> [Exercise materials]:

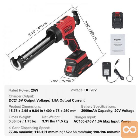 Akumulatorska tesnilna pištola za stiskanje kartuš - silikona (20W, za 300 ml kartuše, do 270 kg, 4-stopenjska nastavljiva, vključno z baterijo in polnilnikom) Nikoli uporabljena.
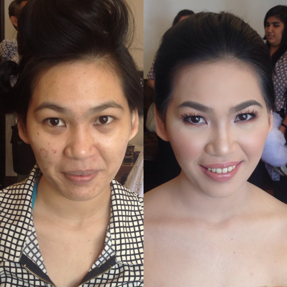 I just met Carol on her wedding day. No trial makeup since she worked overseas. Sharing with you her before and after photo using high-definition airbrush makeup technique.
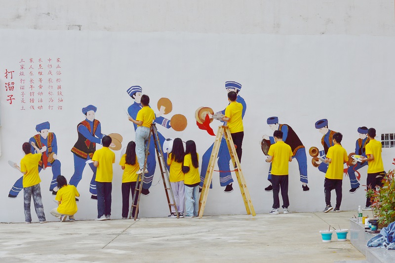 数字艺术学院实践团在渝北区统景镇田牧村成功开展“墙绘新时代,建设新农村”主题实践活动。志愿队员首先在当地干部带领下详细参观了解了田牧村房屋风格、村庄布局、人文风俗和整体风貌。实践活动过程中,青年志愿者们热情高涨,战高温、斗酷暑,加班加点,精心设计,对田牧村外墙进行了绘画装饰,将中华优秀传统文化、社会主义核心价值观、十九届六中全会精神等内容以漫画、标语的形式绘到墙面,向村民倡导文明健康和积极向上的价值观念。
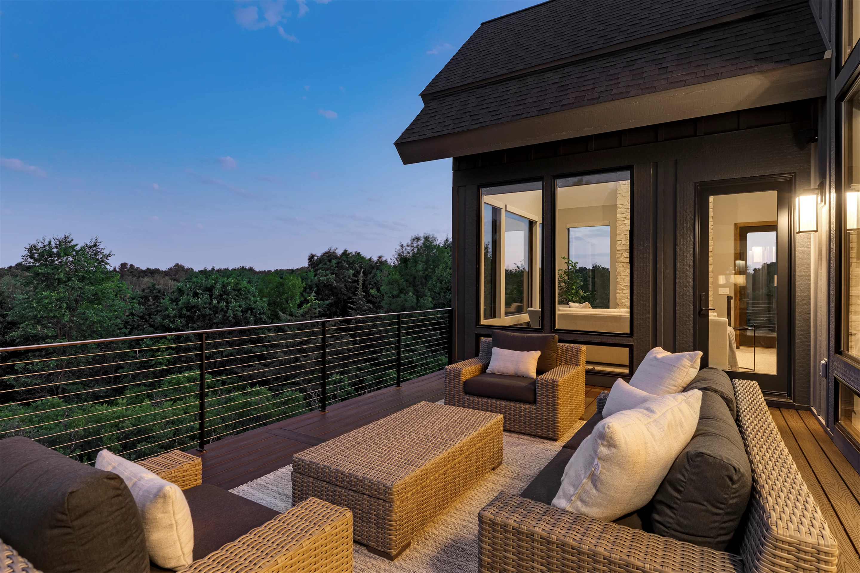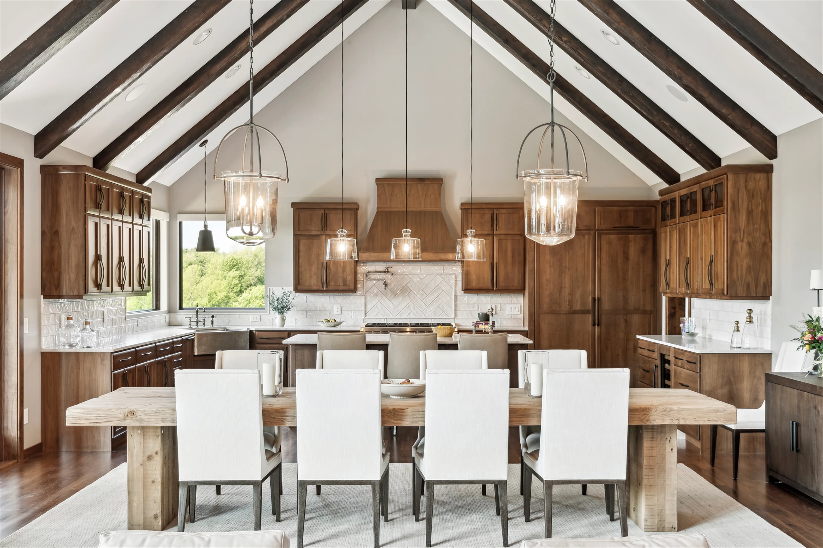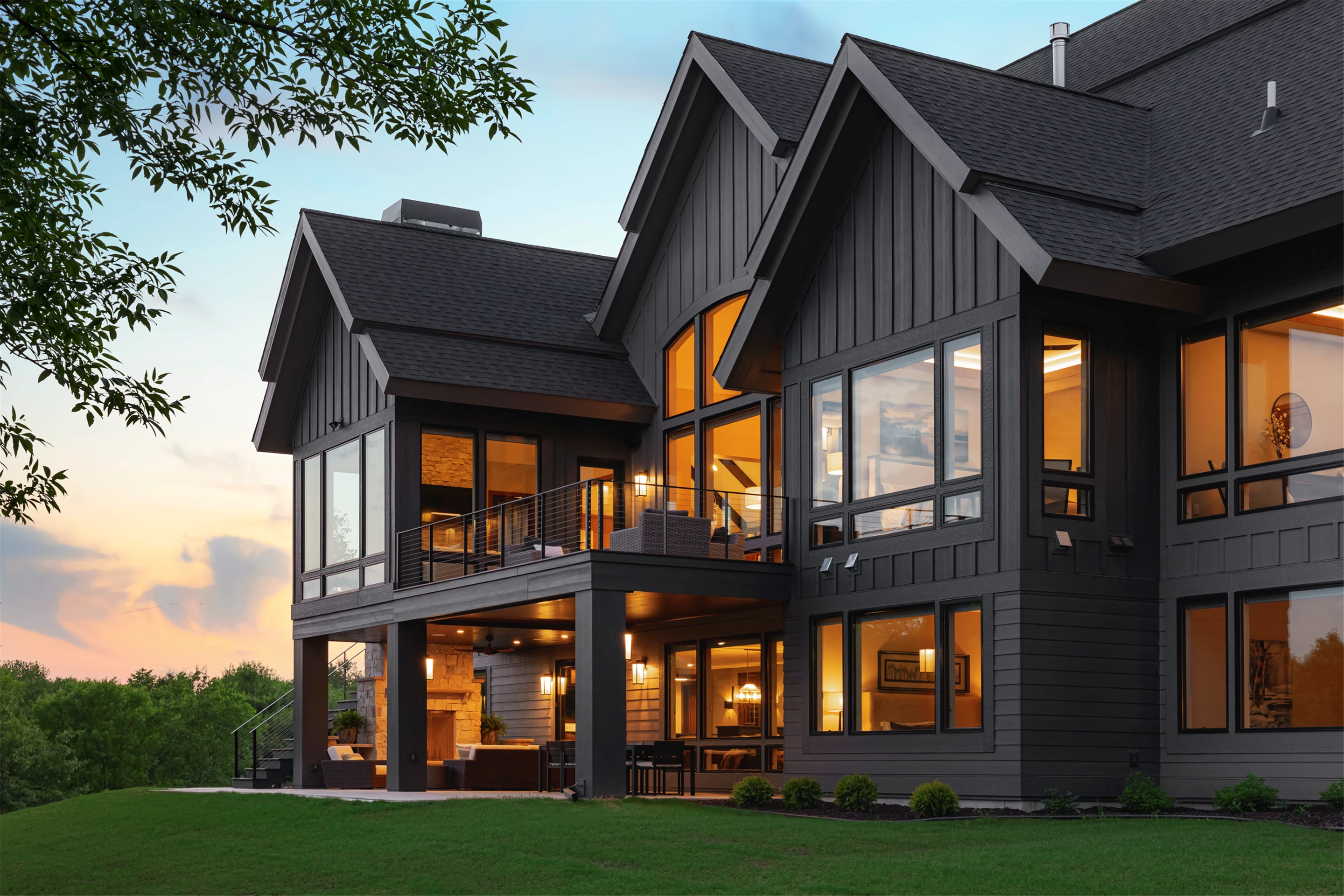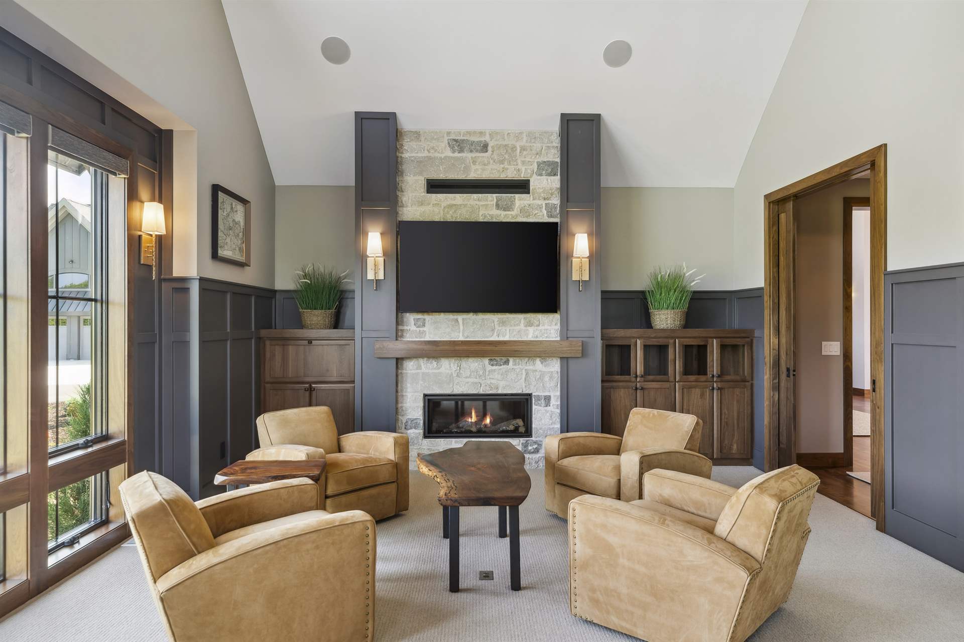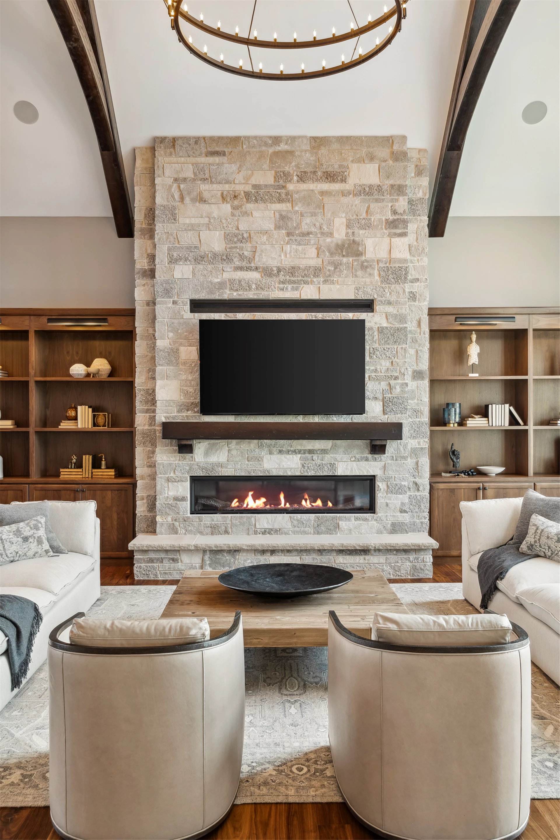 Come see the Enchanted Forest Chalet during the 2023 Artisan Home Tour! Situated on 315 acres of wooded land on the bluffs of the Mississippi River, this six-bedroom, seven-bathroom, 8,119-square-foot new build in Prescott, Wisconsin, is a private escape with quick access to the Twin Cities. The Enchanted Forest Chalet comes to life with exterior materials that include James Hardie Black Ash and Aged Pewter siding; a cedar vaulted entry with decorative brackets and truss work; and a stone-blend board and batten. Inside, this aesthetic translates to arched windows, walnut flooring and doors, and vaulted ceilings in the great room and kitchen, finished with walnut cabinetry and natural quartzite countertops. The primary suite on the main level features a beamed box-vaulted ceiling, a stone-clad gas fireplace, and a private deck. The bath is a private oasis, with a freestanding tub and walk-in shower. The custom walnut closet system connects the laundry achieving a walk-through layout. There are ample opportunities to appreciate the property’s streams and hillsides, from a four-season porch with a gas fireplace and stone surround to the paver patio with space for al fresco dining and quiet conversations around a wood-burning fireplace.
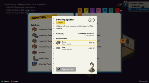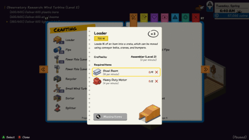 ローダー(Loader)複数のアイテムを一つの木箱に詰め込む設備で、アンローダー(Unloader)木箱をバラシて一つずつに戻す設備です。これが役立つのはケーブルクレーンでアイテムを輸送する時です。ケーブルクレーンは1回の動作に時間が掛かるので、コンベアよりも輸送効率は悪いです。そこで木箱にまとめてからケーブルクレーンで輸送することにより効率アップできます。

> [Work to be completed]: Could you transcribe exactly the lines from the start of the records through the line containing "数字艺术学院实践团在渝北区统", both ends included, leaving the pictures out?

> [Exercise solution]:
 Akumulatorska tesnilna pištola za stiskanje kartuš - silikona (20W, za 300 ml kartuše, do 270 kg, 4-stopenjska nastavljiva, vključno z baterijo in polnilnikom) Nikoli uporabljena.
 I just met Carol on her wedding day. No trial makeup since she worked overseas. Sharing with you her before and after photo using high-definition airbrush makeup technique.
 数字艺术学院实践团在渝北区统景镇田牧村成功开展“墙绘新时代,建设新农村”主题实践活动。志愿队员首先在当地干部带领下详细参观了解了田牧村房屋风格、村庄布局、人文风俗和整体风貌。实践活动过程中,青年志愿者们热情高涨,战高温、斗酷暑,加班加点,精心设计,对田牧村外墙进行了绘画装饰,将中华优秀传统文化、社会主义核心价值观、十九届六中全会精神等内容以漫画、标语的形式绘到墙面,向村民倡导文明健康和积极向上的价值观念。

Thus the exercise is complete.